Life After North Korea

By Edward A. Gargan

Seoul, South Korea - Twice Jung Myung-sook was caught at the edge of the ice-locked river, scant minutes from her goal, and twice she was thrown into prison. For three and a half months, she said, she endured beatings, starvation, frostbitten limbs, relentless harangues from brutal warders. Through it all, though, her determination to escape North Korea never died.

Now, in a claret-colored dress, her legs curled under her on the floor of a small Seoul apartment, Jung laughs gently at the memory. Sentenced to a labor camp, "I had to work very hard. If I went out of line, I was beaten. We only had a little food," she recalled, a meager portion of rice daily.

Only on her third try, in 2001, did Jung manage to sneak into northeastern China. Her family, 12 in all, escaped from North Korea in the past six years, gathering in China before sprinting to sanctuary - one group into a United Nations office, another into a Japanese consulate.

They are among 2,584 North Koreans who, in the past decade, escaped their Stalinist country and found refuge and citizenship in the South, according to South Korea's Ministry of Unification. The monitoring group Human Rights Watch estimates another 300,000 North Koreans are in China. South Korean and other analysts say the figure is lower.

For most North Koreans, the transition from lives inundated with propaganda, from an utter ignorance of the outside world - and from rationed food and little electricity - into the affluence and freedoms of South Korea is wrenching. Not all manage the shift to a society where individual effort is prized, where independent thinking is critical, where an ordinary day's life requires decisions greater than any they've been used to making.

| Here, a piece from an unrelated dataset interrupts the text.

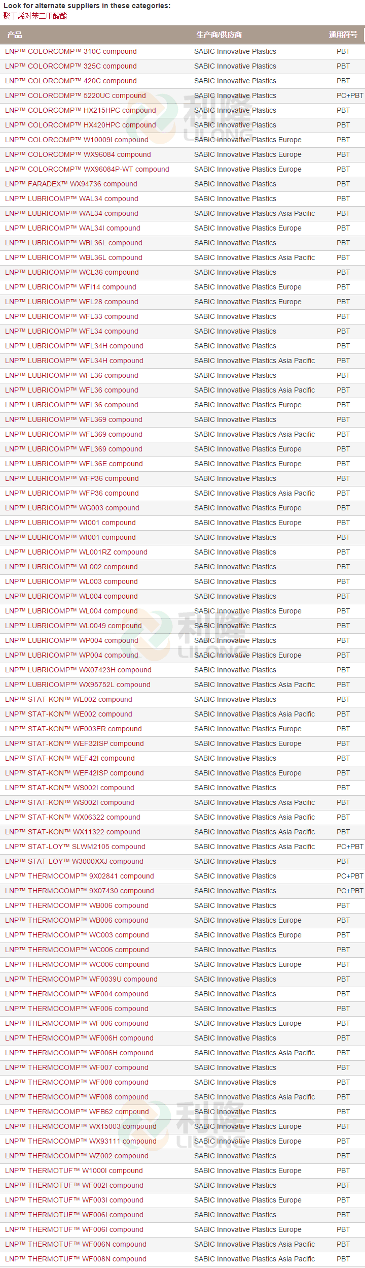 >> 美國沙泊基礎LNP系列PBT塑膠原料

Others, however, thrive amid this country's growing affluence. Kim Hyung-deok was one of 52 northerners who reached South Korea in 1994; the previous year, just eight people arrived here from the North. At age 20, he left his parents and six siblings - farmers who lived on the outskirts of Pyongyang, the capital.

"Our family was little better off than people in Rwanda," Kim, 29, explained."There were blackouts all the time. We didn't have a lot to eat, just corn gruel."

Kim walked and hopped trains to the Chinese border, sneaked across and made his way to China's southern coast. From there, he swam to Hong Kong, then a British colony, which sent him to South Korea.

Nine years later, Kim has a business degree from Yonsei University in Seoul and works on energy planning issues for Daesung, an industrial conglomerate. Still, he said, "I think a free market economy is difficult for people to adjust to," and 90 percent of North Koreans have a hard time at it.

With his success, "It's really hard to have friends among North Koreans" in the South, he explained, "because they live a really hard life for the most part. They are really poor." So his friends now are South Koreans and he has distanced himself from other northerners.

Married to an accountant and father of a 2-year-old son, Kim is troubled by news he has gleaned - through a net of brokers, smugglers and contacts - of his relatives in the North. "My family is very restricted because I left," he said. "I don't now why my family should suffer so much because of me. They were exiled to the provinces, near the mountains, after I left. In a communist state, being ostracized is the worst thing that can happen to you."

Kim hopes to get his family smuggled out. "If you have money, anything is possible in the North," he said, "except of course opposition to Kim Jong-il," the dictator.

Barely 18 months after Jung Myung-sook and her family began arriving, life in the South is still new and more precarious, although their reason for leaving echoes Kim's.

"As a person, you can't live in that society," said Jung's father, Jung Yeon-san, the 70-year-old patriarch. "If you tried to make a living as a merchant there, the government would confiscate your merchandise," he explained. "You could not talk freely. ... I actually was sent to prison for calling Kim Jong-il 'president' instead of 'dear leader.' I was in prison for 100 days."

The family's escape took six years in all. Jung's wife, Kim Bun-nyu, fled in 1997 to northern China, where she worked to raise money for others to follow. Jung joined her a year later.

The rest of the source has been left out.